他の人のやらかしとかを見ても、「まあ人間だから」としか思わないから、そこはネットの流れに沿って攻撃するより、「いや人間だよ」と考えたい。 そういうことと近いことを言っているのがドストエフスキーだと思うんですよ。「私はクリスチャンだけど、人間だから借金する、酒も飲む」とか。
――ただ、社会と個人を切り離して、主体の自由を強く出しすぎたら、今風に言うと「自己責任論」みたいなものにも結びついてくると思うんですが。
にゃるら:
じゃあ申し訳ないですけど自分はフリーランスでクリエイターとしてやってるんで、自己責任でしか生きたことがないです。そこにバイアスというか、偏重するのはしかたないんじゃないですかね。
――なるほど、社会的な構造の結果ではないと。
にゃるら:
いやもう、ずっと社会を憎んで生きてます。だってなんか、「会社に確認します」とか「預かって上長に確認します」とか何だよとか。「お前の意見は?」と、ずっと思いますもん。今もそれ本当に嫌いなんで。
――(笑)。いや、にゃるらさんのお話を聞いているとすごい一貫してますね。つまりにゃるらさんがテーマにしておられる実在主義というのは社会構造より、個人の自由を強調するわけですから。
にゃるら:
会社にいる限り自分の責任ってものを会社に預けるから。そこは自己責任じゃない人たちにムカつくことはかなりあるので。
――ただ『NEEDY GIRL OVERDOSE』は、ある種のカウンセリングとしても見れる気がするんですが、それは間違いなんでしょうか?
にゃるら:
いやあ、『エヴァンゲリオン』をカウンセリングとして見る人がいるとかと同じ話じゃないですかね。 稲垣さんに「自分自身とその周辺のことを書いてるね」と指摘されたことがあるんですけど、自分自身とその周辺のことを13話分も書いたらそれは確かにカウンセリングですよ。だから僕のカウンセリングですね。
――なるほど。
にゃるら:
カルテに近いかもしれないですね。ものすごい鬱病だから、映画も2時間閉じこもれると楽なんですよ。そのことしか考えなくて済むんです。生きてると、後悔のことばっか思い出すから。

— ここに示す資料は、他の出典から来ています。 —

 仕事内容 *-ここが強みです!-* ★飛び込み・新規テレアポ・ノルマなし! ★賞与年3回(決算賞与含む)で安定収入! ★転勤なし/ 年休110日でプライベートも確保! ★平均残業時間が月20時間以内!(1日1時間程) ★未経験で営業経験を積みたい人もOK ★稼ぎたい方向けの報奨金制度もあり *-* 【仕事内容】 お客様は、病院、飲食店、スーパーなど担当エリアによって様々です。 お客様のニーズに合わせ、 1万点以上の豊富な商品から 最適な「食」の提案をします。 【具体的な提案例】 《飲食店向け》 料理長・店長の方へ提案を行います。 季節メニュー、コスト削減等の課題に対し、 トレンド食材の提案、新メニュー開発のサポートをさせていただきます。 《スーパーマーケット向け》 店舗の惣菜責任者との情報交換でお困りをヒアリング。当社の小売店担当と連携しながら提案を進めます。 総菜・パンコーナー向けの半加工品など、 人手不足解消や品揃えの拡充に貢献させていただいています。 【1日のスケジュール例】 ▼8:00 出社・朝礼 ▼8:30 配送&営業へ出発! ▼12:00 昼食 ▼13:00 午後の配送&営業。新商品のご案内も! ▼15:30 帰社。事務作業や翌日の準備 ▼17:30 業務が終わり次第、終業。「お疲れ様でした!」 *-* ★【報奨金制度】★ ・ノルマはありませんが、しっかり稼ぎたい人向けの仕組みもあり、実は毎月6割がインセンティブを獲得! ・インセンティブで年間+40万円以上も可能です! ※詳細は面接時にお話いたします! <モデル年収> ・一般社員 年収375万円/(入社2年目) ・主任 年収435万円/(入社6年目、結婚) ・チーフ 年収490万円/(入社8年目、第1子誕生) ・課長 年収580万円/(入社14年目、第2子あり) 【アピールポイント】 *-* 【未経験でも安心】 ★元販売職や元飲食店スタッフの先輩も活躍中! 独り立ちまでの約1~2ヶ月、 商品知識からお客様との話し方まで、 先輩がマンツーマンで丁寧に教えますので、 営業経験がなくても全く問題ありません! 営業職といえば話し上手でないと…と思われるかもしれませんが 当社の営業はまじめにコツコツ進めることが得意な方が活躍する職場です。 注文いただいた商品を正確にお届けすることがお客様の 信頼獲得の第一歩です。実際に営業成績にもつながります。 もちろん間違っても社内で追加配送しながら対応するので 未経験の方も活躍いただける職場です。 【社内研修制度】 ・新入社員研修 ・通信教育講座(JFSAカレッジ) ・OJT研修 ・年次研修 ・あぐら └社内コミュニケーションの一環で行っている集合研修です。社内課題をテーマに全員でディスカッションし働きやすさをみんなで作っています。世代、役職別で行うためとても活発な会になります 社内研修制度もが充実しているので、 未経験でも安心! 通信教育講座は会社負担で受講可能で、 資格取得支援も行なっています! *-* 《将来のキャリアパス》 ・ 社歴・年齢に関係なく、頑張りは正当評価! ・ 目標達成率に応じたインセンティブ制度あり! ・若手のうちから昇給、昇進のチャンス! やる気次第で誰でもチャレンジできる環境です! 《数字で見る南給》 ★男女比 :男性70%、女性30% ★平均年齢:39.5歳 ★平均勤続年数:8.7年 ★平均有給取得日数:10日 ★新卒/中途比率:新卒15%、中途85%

――そうしたにゃるらさんの「カルテ」とも言える物語が、アニメとして表現されます。13話を通して視聴者に何を感じ取ってほしいですか?
にゃるら:
僕は、超てんちゃんという、色々と病みながら進んでいく女の子がいて、それに対して「そんなものを描くな」というより、「その子を見てどう思いますか」というだけの話だと思っているんです。
「この子は少なくともここへ来たよ」というのが、全13話として描かれます。若者の暴力性や薬物依存はなぜ起きるのか。アニメではそれが尚更出ていると思いますが、僕としては「それを真剣に書いただけ」という、ただそれだけの気持ちがあります。
――ありがとうございました。
【取材後記】
取材中、表現の自由やゾーニングの是非を巡り、記者とにゃるら氏の間で意見が異なり、場に緊張が走る瞬間があった。一方でそれは作品に真摯に向き合っているからこそ生じた摩擦であり、この作品が持つ熱量そのものでもあると感じた。

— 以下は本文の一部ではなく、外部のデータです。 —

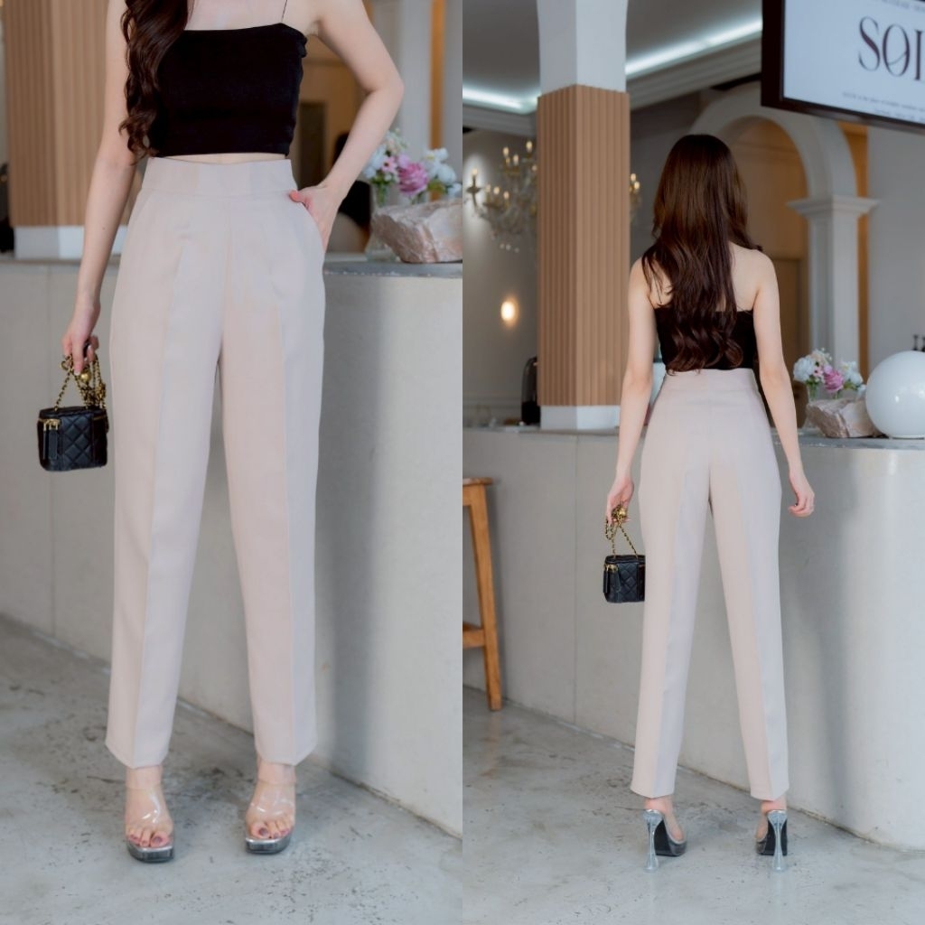 [HP] กางเกง 9 ส่วน กระบอกเล็กซิปข้าง เอวสูง ผ้าไมโคร ความยาว 37 นิ้ว (S-3XL)

冒頭で記した通り、記者は現代的な病理を浮き彫りにしている『NEEDY GIRL OVERDOSE』を傑作と考えている。にゃるら氏が中心的に手掛けた今回のアニメ版が、どのような現代の景色や空気、そして問題提起を見せてくれるのか。いち視聴者として楽しみに待ちたい。

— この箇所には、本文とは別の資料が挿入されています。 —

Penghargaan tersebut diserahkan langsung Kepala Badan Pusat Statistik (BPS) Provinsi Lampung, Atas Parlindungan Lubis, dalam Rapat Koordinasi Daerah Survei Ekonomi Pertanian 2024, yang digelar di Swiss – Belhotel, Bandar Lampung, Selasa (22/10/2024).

なお、『NEEDY GIRL OVERDOSE』を巡っては現在、係争が存在することが公に知られている。今回の取材は、それらの問題には触れず、あくまでこれから世に出る「アニメ作品」を中心に取り上げて欲しいというにゃるら氏側の依頼のもと、筆者が合意し実施したものである(取材・執筆・構成:福山幸司)。